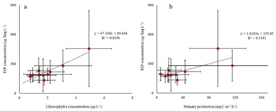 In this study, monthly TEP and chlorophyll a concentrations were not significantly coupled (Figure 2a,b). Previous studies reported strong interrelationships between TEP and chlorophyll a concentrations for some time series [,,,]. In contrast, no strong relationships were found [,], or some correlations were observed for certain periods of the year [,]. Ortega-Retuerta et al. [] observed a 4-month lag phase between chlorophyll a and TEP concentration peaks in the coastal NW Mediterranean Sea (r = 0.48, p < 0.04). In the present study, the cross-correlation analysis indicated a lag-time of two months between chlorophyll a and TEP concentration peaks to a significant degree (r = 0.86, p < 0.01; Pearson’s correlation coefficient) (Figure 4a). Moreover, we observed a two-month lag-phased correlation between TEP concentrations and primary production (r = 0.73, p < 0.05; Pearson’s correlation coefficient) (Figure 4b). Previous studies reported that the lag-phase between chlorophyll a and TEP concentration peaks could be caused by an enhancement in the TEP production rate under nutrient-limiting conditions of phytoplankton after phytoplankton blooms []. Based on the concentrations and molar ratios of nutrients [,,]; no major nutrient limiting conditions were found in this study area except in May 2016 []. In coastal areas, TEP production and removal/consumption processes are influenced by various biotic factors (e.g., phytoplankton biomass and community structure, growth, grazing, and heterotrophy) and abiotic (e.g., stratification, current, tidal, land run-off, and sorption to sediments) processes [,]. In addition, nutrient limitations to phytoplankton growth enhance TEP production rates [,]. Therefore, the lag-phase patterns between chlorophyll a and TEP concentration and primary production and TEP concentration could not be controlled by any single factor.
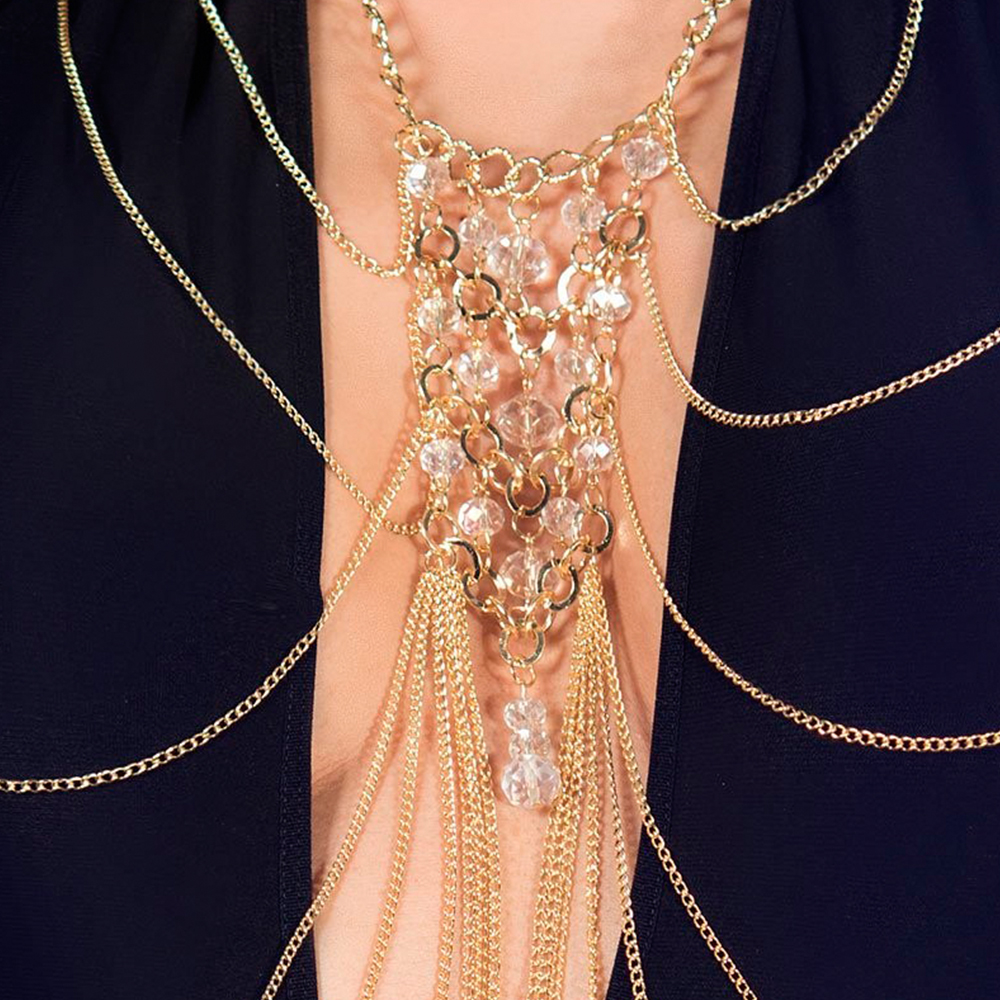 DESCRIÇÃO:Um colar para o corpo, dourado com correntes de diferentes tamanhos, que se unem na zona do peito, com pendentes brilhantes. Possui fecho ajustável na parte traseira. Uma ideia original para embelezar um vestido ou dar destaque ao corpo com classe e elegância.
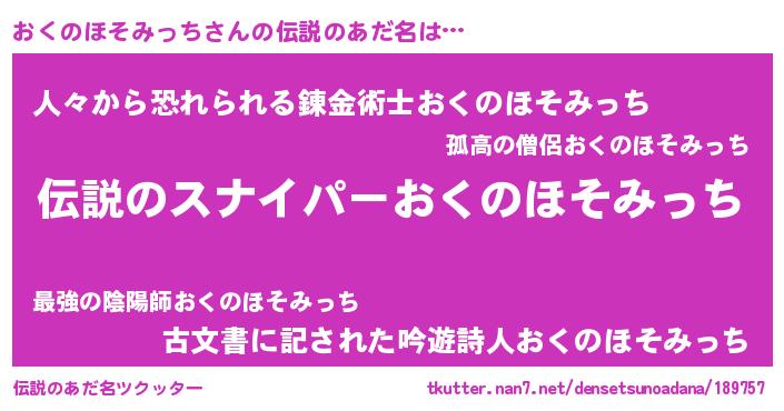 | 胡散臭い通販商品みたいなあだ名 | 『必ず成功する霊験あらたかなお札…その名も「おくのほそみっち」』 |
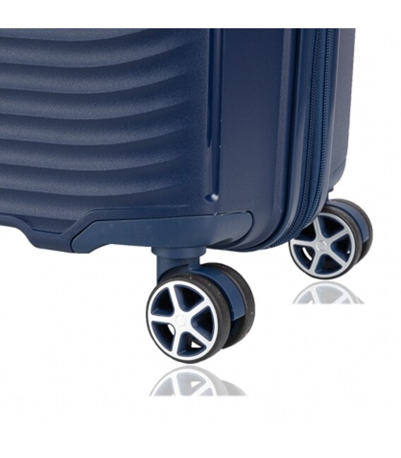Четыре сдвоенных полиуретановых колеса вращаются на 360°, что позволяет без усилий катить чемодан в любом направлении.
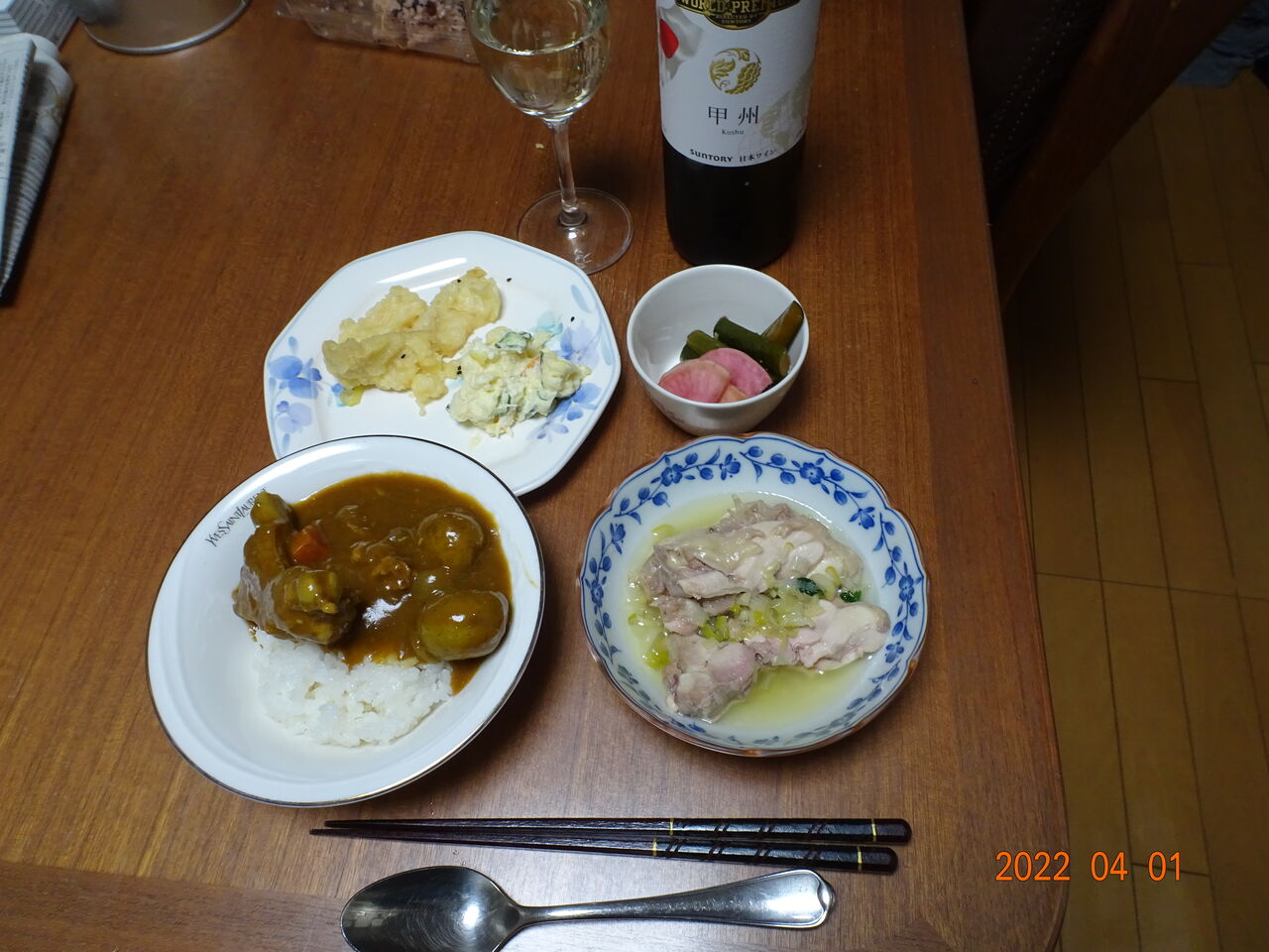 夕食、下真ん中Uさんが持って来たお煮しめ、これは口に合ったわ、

(WHAT YOU NEED TO DO): Faithful copy, images left out: write out every line of data.

(OUTPUT FOR THIS TASK):
 In this study, monthly TEP and chlorophyll a concentrations were not significantly coupled (Figure 2a,b). Previous studies reported strong interrelationships between TEP and chlorophyll a concentrations for some time series [,,,]. In contrast, no strong relationships were found [,], or some correlations were observed for certain periods of the year [,]. Ortega-Retuerta et al. [] observed a 4-month lag phase between chlorophyll a and TEP concentration peaks in the coastal NW Mediterranean Sea (r = 0.48, p < 0.04). In the present study, the cross-correlation analysis indicated a lag-time of two months between chlorophyll a and TEP concentration peaks to a significant degree (r = 0.86, p < 0.01; Pearson’s correlation coefficient) (Figure 4a). Moreover, we observed a two-month lag-phased correlation between TEP concentrations and primary production (r = 0.73, p < 0.05; Pearson’s correlation coefficient) (Figure 4b). Previous studies reported that the lag-phase between chlorophyll a and TEP concentration peaks could be caused by an enhancement in the TEP production rate under nutrient-limiting conditions of phytoplankton after phytoplankton blooms []. Based on the concentrations and molar ratios of nutrients [,,]; no major nutrient limiting conditions were found in this study area except in May 2016 []. In coastal areas, TEP production and removal/consumption processes are influenced by various biotic factors (e.g., phytoplankton biomass and community structure, growth, grazing, and heterotrophy) and abiotic (e.g., stratification, current, tidal, land run-off, and sorption to sediments) processes [,]. In addition, nutrient limitations to phytoplankton growth enhance TEP production rates [,]. Therefore, the lag-phase patterns between chlorophyll a and TEP concentration and primary production and TEP concentration could not be controlled by any single factor.
 DESCRIÇÃO:Um colar para o corpo, dourado com correntes de diferentes tamanhos, que se unem na zona do peito, com pendentes brilhantes. Possui fecho ajustável na parte traseira. Uma ideia original para embelezar um vestido ou dar destaque ao corpo com classe e elegância.
 | 胡散臭い通販商品みたいなあだ名 | 『必ず成功する霊験あらたかなお札…その名も「おくのほそみっち」』 |
Четыре сдвоенных полиуретановых колеса вращаются на 360°, что позволяет без усилий катить чемодан в любом направлении.
 夕食、下真ん中Uさんが持って来たお煮しめ、これは口に合ったわ、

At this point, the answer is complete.